Blind 75Medium

Palindromic Substrings — Count by Expanding Centers

Expand around every index and gap to count palindromic substrings without building a DP table.

Expand Around CenterStringCounting

Problem Statement

Return how many substrings of s are palindromes.

Why This Problem Matters

  • Counting palindromes builds intuition for symmetric expansions that reappear in harder problems.
  • Shows how to reuse the same core idea from longest-palindrome questions for counting.
  • Highlights how to eliminate quadratic auxiliary space compared with dynamic programming.

Thought Process

Identify palindrome structure

Every palindrome mirrors around a center, so expanding from centers covers every possibility exactly once.

Consider both parity cases

Single characters seed odd-length palindromes; adjacent pairs seed even-length ones.

Accumulate counts locally

Each expansion returns how many palindromes it saw, which you add to the global total.

Step-by-Step Reasoning

  1. Initialise total = 0.
  2. For each index i, expand around (i, i) for odd-length palindromes and add the count.
  3. Expand around (i, i + 1) for even-length palindromes and add the count.
  4. Return the accumulated total after processing all centers.

Dry Run

s = "aaa", center = 1 odd expansion

Expands to "aaa" counting 3 palindromes ("a", "aaa", middle "a").

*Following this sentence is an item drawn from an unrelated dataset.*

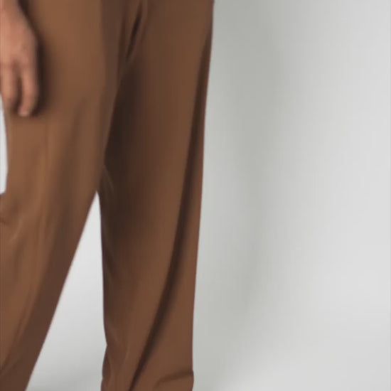 Refined, relaxed, and ready for anything — the Clay Drape Crepe Trousers blend modern ease with elevated texture. Crafted from a smooth, lightweight crepe fabric in a warm clay brown tone, these trousers feature a fluid straight-leg silhouette that moves with you. The soft drape and matte finish offer a sophisticated alternative to traditional loungewear, making them perfect for both casual and dressed-up looks. Finished with side pockets and a clean waistband, this is minimalist tailoring at its most versatile. Ideal for pairing with elevated basics or structured layers.

s = "aaa", center = (0,1) even expansion

Counts "aa" plus the two single letters from overlap, yielding the remaining 3 palindromes.

Complexity Analysis

Time

O(n^2)

Space

O(1)

Why

Each expansion can traverse the string once and there are 2n centers.

Annotated Solution

JAVA
public class PalindromicSubstrings {
  public int countSubstrings(String s) {
    int total = 0;
    for (int center = 0; center < s.length(); center += 1) {
      total += expand(s, center, center);
      total += expand(s, center, center + 1);
    }
    return total;
  }

  private int expand(String s, int left, int right) {
    int count = 0;
    while (left >= 0 && right < s.length() && s.charAt(left) == s.charAt(right)) {
      count += 1;
      left -= 1;
      right += 1;
    }
    return count;
  }
}

Each expansion grows outward while the characters mirror, incrementing the total for every valid radius.

Common Pitfalls

  • Using a shared counter without resetting per call can leak results between test cases.
  • Forgetting the even-length center undercounts cases like "abba".
  • Breaking from the loop prematurely misses palindromes that extend past the first mismatch.

Follow-Up Questions

  • How would you list the distinct palindromic substrings rather than just counting them?
  • Can you adapt the expansion to work on a stream of characters?

Key Takeaways

Center expansion gives you dynamic programming level coverage with constant auxiliary space.
Counting problems often reuse the same traversal as search problems—only the accumulation changes.
Parity considerations (odd vs even) are crucial anytime symmetry is involved.